So I built a benchmark. 106 questions across 7 AWS categories, 3 difficulty tiers mapped to AWS certification levels, and 3 question types with distinct scoring mechanisms. I ran it against four models: Claude Sonnet 4.5, Claude Sonnet 4, Claude Haiku 4.5, and Inception's Mercury 2 (a diffusion-based language model). The results surfaced patterns I did not expect, particularly around training data staleness and the gap between factual recall and architecture reasoning.
Why a Cloud Knowledge Benchmark
Standard LLM benchmarks test general reasoning (MMLU, GPQA), coding ability (SWE-Bench, HumanEval), or mathematical reasoning (GSM8K, MATH).
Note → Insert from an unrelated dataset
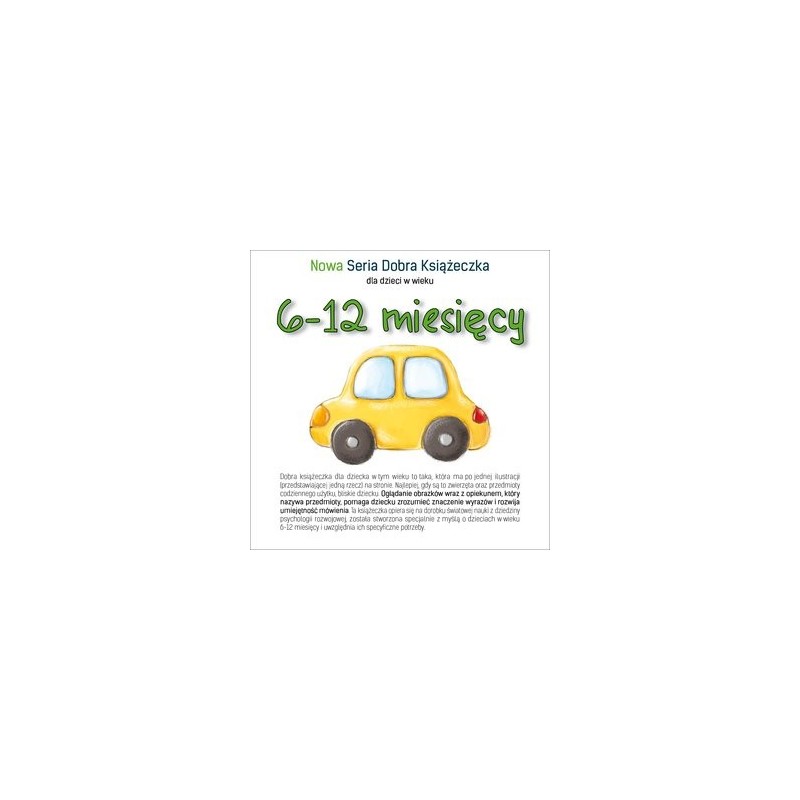 Dobra książeczka dla dziecka w tym wieku to taka, która ma po jednej ilustracji (przedstawiającej jedną rzecz) na stronie. Najlepiej, gdy są to zwierzęta oraz przedmioty codziennego użytku, bliskie dziecku. Oglądanie obrazków wraz z opiekunem, który nazywa przedmioty, pomaga dziecku zrozumieć znaczenie wyrazów i rozwija umiejętność mówienia. Ta książeczka opiera się na dorobku światowej nauki z dziedziny psychologii rozwojowej, została stworzona specjalnie z myślą o dzieciach w wieku 6-12 miesięcy i uwzględnia ich specyficzne potrzeby.

None of them test whether a model knows that Aurora storage caps at 128 TiB, that Fargate tasks now support 16 vCPU (up from 4), or that ElastiCache for Redis cluster mode supports 500 shards. This matters because cloud architects increasingly rely on LLMs for design decisions, documentation, and architecture reviews. If the model confidently states an outdated service limit, that misinformation flows directly into production designs.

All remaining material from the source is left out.